On average, teachers at Montpelier have found that good service learning projects take 3-4 weeks. Many teachers choose to do one really solid service learning project per year, because it takes a fair amount of planning and preparation. In addition, because these projects do actually fulfill real needs, MHS teachers design new projects every few years. However, even a handful of projects every year adds up to a lot of relevance for students during the school year.
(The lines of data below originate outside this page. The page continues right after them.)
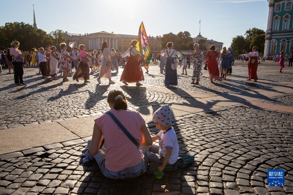 第七屆“俄羅斯圓圈舞”國際藝術(shù)節15日在俄羅斯和獨聯(lián)體國家上百座城市舉行,其中主場(chǎng)在俄羅斯第二大城市圣彼得堡。當天傍晚,數千人聚集到圣彼得堡冬宮廣場(chǎng),手拉手圍成圓圈起舞。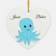 Söt blå oktopus med ditt namn julgransprydnad keramik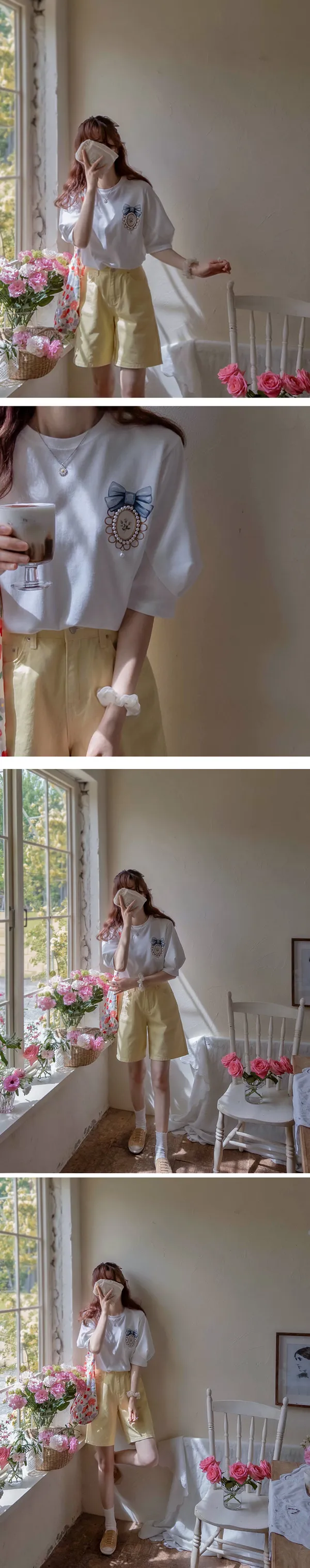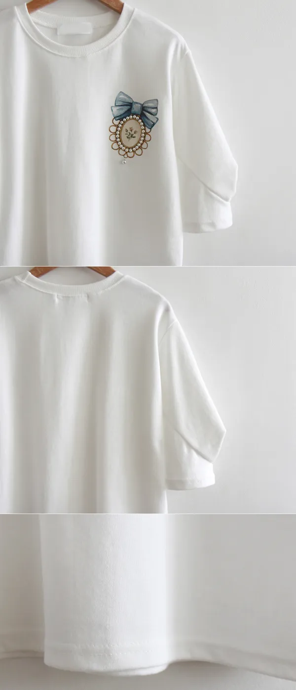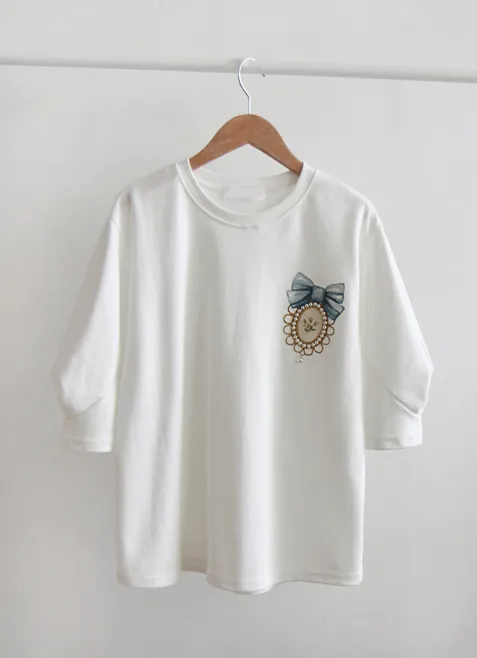 62814 胸口珠珠蝴蝶結袖抓皺上衣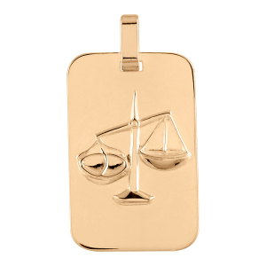 COLLIER ACIER DORÉ MEDAILLE 15MM ZODIAQUE BALANCE RECTO VERSO CONSTELLATION 40+10CM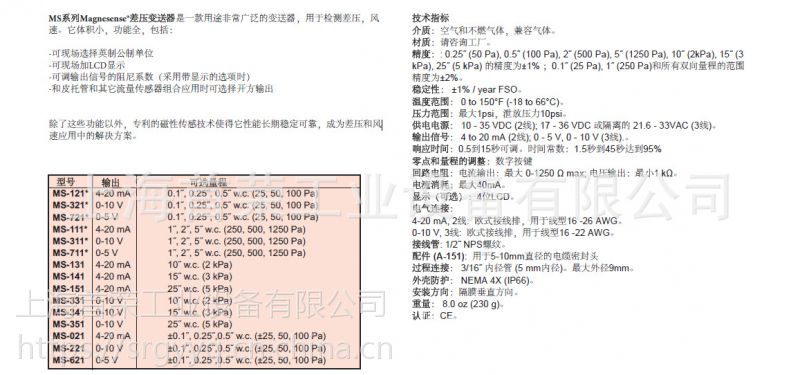 本页信息为上海首荣工业设备有限公司为您提供的"Dwyer MS-121 MS-111微差压变送器"产品信息,如您想了解更多关于"Dwyer MS-121 MS-111微差压变送器"价格、型号、厂家请联系厂家,或给厂家留言。 进入店铺

Working Within the School: Montpelier’s Greenhouse
When identifying a third party for whom a service learning project is beneficial, the school itself is a great option as that third party. As MHS physics teacher Anne Watson says, "The school definitely has needs. How can your class meet them?" If you're new to service learning projects, it can also be much easier to work within the building than outside of the building. Teachers can certainly create opportunities for one another.
Over the years, MHS has built a greenhouse as a way to support its commitment to sustainability. The school's greenhouse and food production model is a way that service learning benefits the same group that is doing the studying. All students in biology class learn about plant and nutrient cycles, and MHS has tied this into service learning by also having the students grow salad greens in the greenhouse, which are then used by the school cafeteria. Each biology student takes care of two trays of salad greens throughout the school year. Students tend their greens on a daily basis, planting the seeds, watering the plants, monitoring them for pests, and finally harvesting. Greens are collected twice a week and brought to the food service staff for purchase. The cafeteria actually pays for the greens from their budget -- money that would normally be spent on purchasing from an outside vendor. The money in turn helps support the greenhouse through the purchasing of seeds, fertilizer, and other supplies. The greens are eaten not only at the high school, but at the local middle and elementary schools as well. Students are more apt to take greens from the salad bar if they have grown them. They feel connected when they feel that they've accomplished something.
More Service Learning Examples
Other examples of service learning at MHS have included the physics class doing a feasibility study on how much energy the solar panels on the greenhouse are producing, and whether it's enough to sustain that space in terms of electricity. The economics class has looked at the greenhouse's crop yields and whether they're cost-efficient to continue running the facility. A math class looked into whether the cafeteria should switch over from plastic to metal utensils, and collected and analyzed data about the loss of silverware over time. Their findings were presented to the school and demonstrated that switching to metal utensils would still be more cost-effective than keeping plastic utensils. The school made the switch!
Service learning can, of course, be done outside of the school to benefit a community group or an organization or business. A recent example included the physics class studying the air quality of downtown Montpelier, and submitting the study to the city to help deal with car pollution and driving patterns. Another class did an energy study on heating and insulation in their own homes, and made recommendations on whether there was enough insulation in their family home.
Service learning benefits students and the community partner. For students, it is a project that means something to someone else, and often makes the learning relevant and real. Teachers find that students are often more engaged with the learning when they understand these real-life connections.